Brex is signaling that its real moat is not prettier expense software, but the hard plumbing needed to serve one finance team across dozens of countries. For a global company, the problem is not issuing another employee card. It is giving teams in Malaysia, Romania, or Brazil cards that work locally, bill locally, avoid FX friction, and still roll up into one limit, one policy layer, and one reconciliation workflow. That puts Brex closer to Citi and HSBC than to domestic card startups.

  • Brex says it is directly integrated with Mastercard, without issuer processor middleware, and can issue local cards in over 50 countries with acceptance in 120 countries. That matters because large multinationals buy for coverage and compliance first, not just user interface. Domestic fintech rivals still compete mainly in US startup and mid market workflows.

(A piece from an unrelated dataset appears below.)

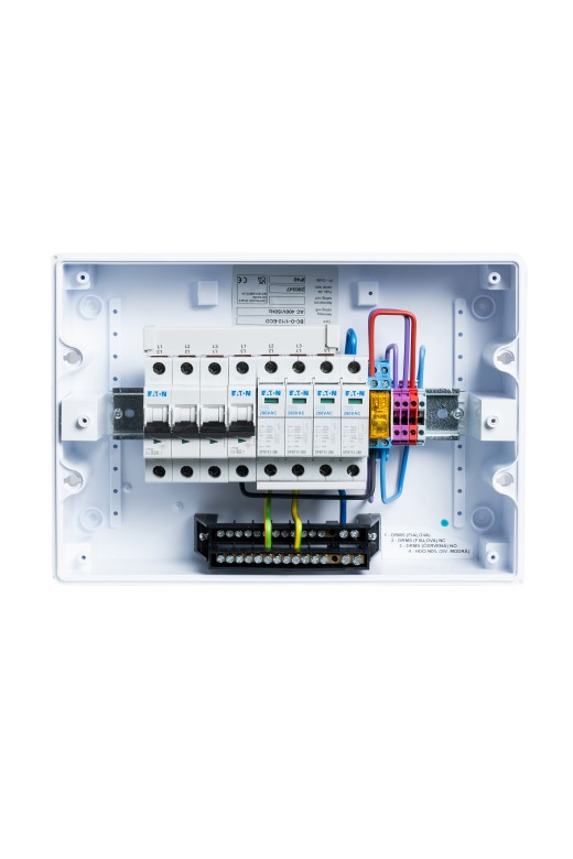 AC rozváděč určený pro montáž na zeď, IP40/20C sloužící jako vstupní rozváděč (u střídače) pro třífázové fotovoltaické elektrárny (typicky střídače: GOODWE, SOLAX, GROWATT, WATTSONIC a jiné).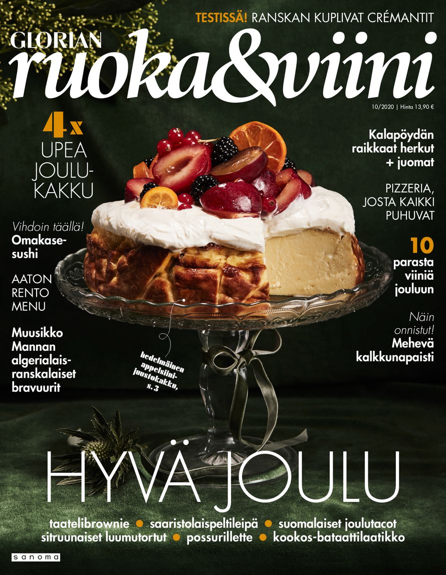 Lehdestä löytyy myös vinkkejä ruokalahjoihin, jotka vievät Italian pastataivaaseen, Suomen metsiin, Japanin katukeittiöihin ja Ranskan maaseudulle. Viinitestissä ovat tällä kertaa crémantit eli kohtuuhintaiset vaihtoehdot samppanjalle. Lehti on kaupoissa nyt!

  • The buyer motion also looks more like enterprise banking than startup fintech. Global companies often have separate travel, procurement, and finance owners, which is why Brex is embedding into Navan, Coupa, and Sabre instead of insisting on owning the full suite. In that model, the card is the payment rail sitting inside existing enterprise systems.
  • This strategy changes the comparison set. Ramp has been strongest in expanding card customers into bill pay and software, while Airwallex shows another version of the global infrastructure path, using local cards and cross border payments to serve companies operating across many markets. The shared pattern is that global coverage becomes the product, not just a feature.

The market is heading toward a split where domestic players win on all in one simplicity, while a smaller set of infrastructure heavy platforms win multinational accounts. If Brex keeps turning global issuing into distribution through partners, it can grow from startup card vendor into a modern global corporate bank layer for tech companies before local champions stitch together the same reach.